The problem ▸ Every line of the listing below is to be duplicated exactly, with the pictures left out.
---------- Source material ----------
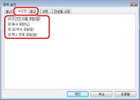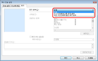 [표지 첨부]에서 팩스에 표지를 첨부할 수 있는 옵션을 선택합니다.
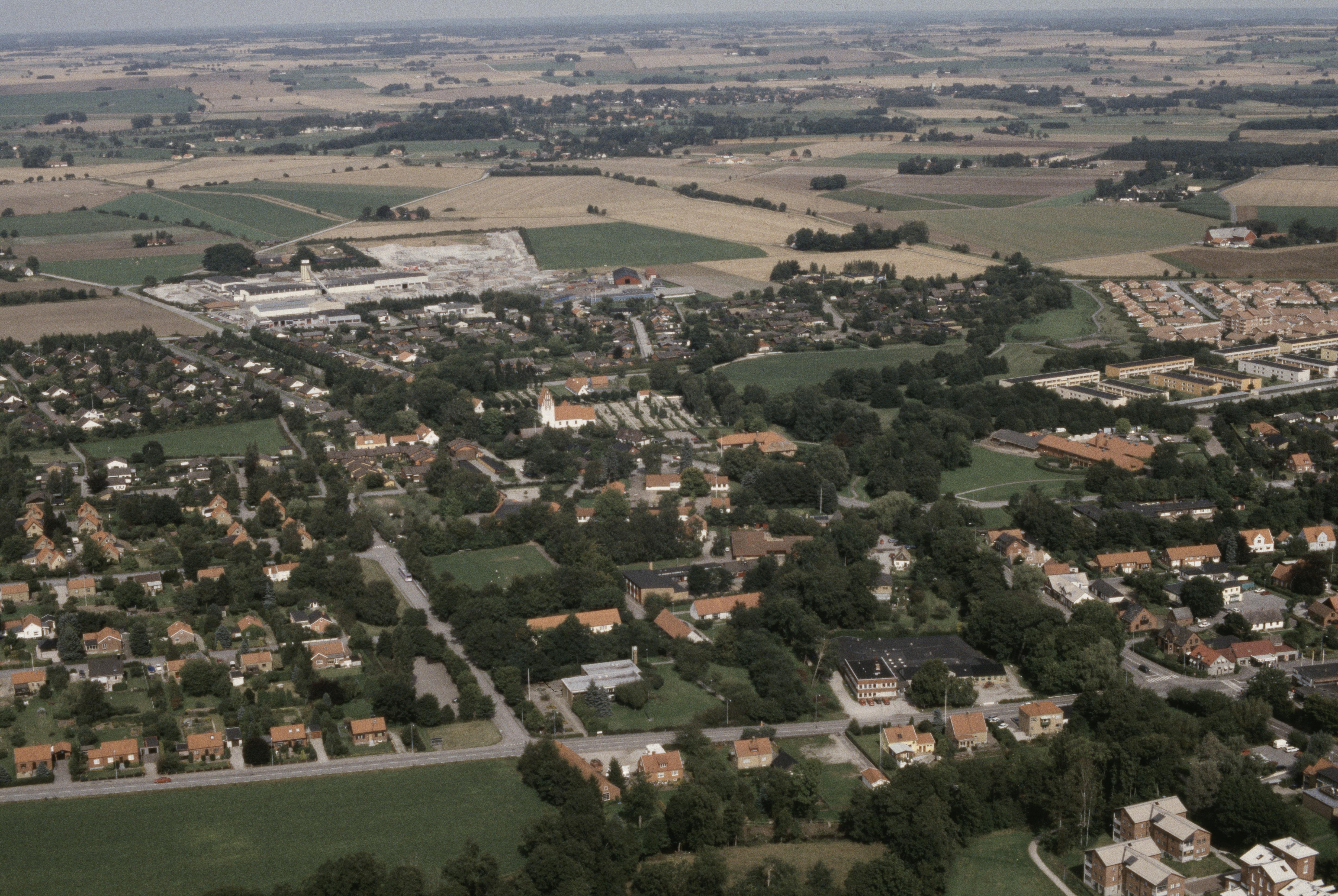 Beskrivning: Södra Sandby tätort. Södra Sandby kyrka till vänster. Bilden är tagen mot (väderstreck): NNO
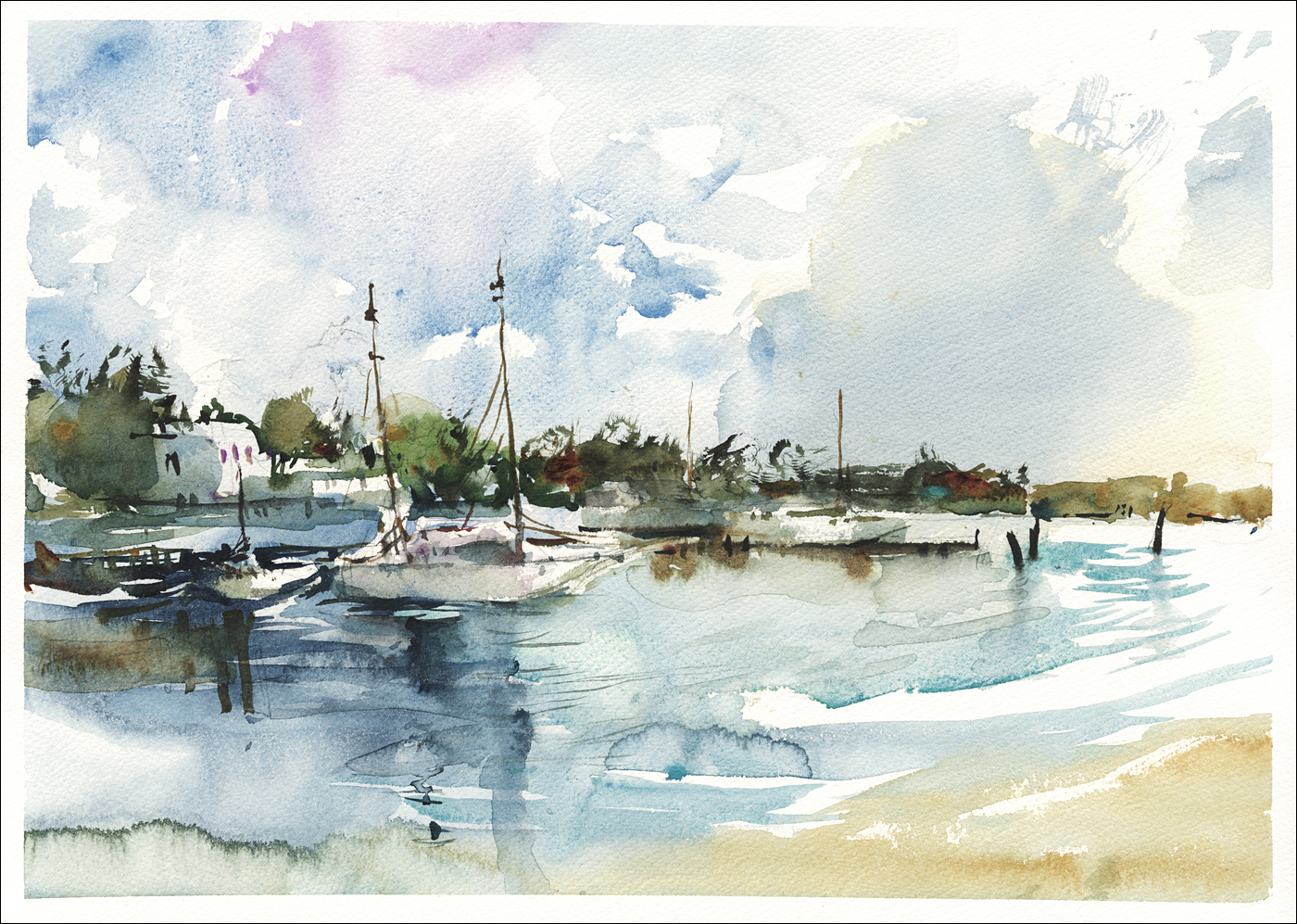 I start with what I call The Three Big Shapes. Sky and Ground (in this case Water), and ‘Everything Else’. The treeline, and all the boats and docks are simply left as a single negative shape at first, then in the second half of the painting, I come back into that long horizontal landscape, and create the shadows, masts, piers and other details that turn it into a marina.
----------
Solved exercise ▸
 [표지 첨부]에서 팩스에 표지를 첨부할 수 있는 옵션을 선택합니다.
 Beskrivning: Södra Sandby tätort. Södra Sandby kyrka till vänster. Bilden är tagen mot (väderstreck): NNO
 I start with what I call The Three Big Shapes. Sky and Ground (in this case Water), and ‘Everything Else’. The treeline, and all the boats and docks are simply left as a single negative shape at first, then in the second half of the painting, I come back into that long horizontal landscape, and create the shadows, masts, piers and other details that turn it into a marina.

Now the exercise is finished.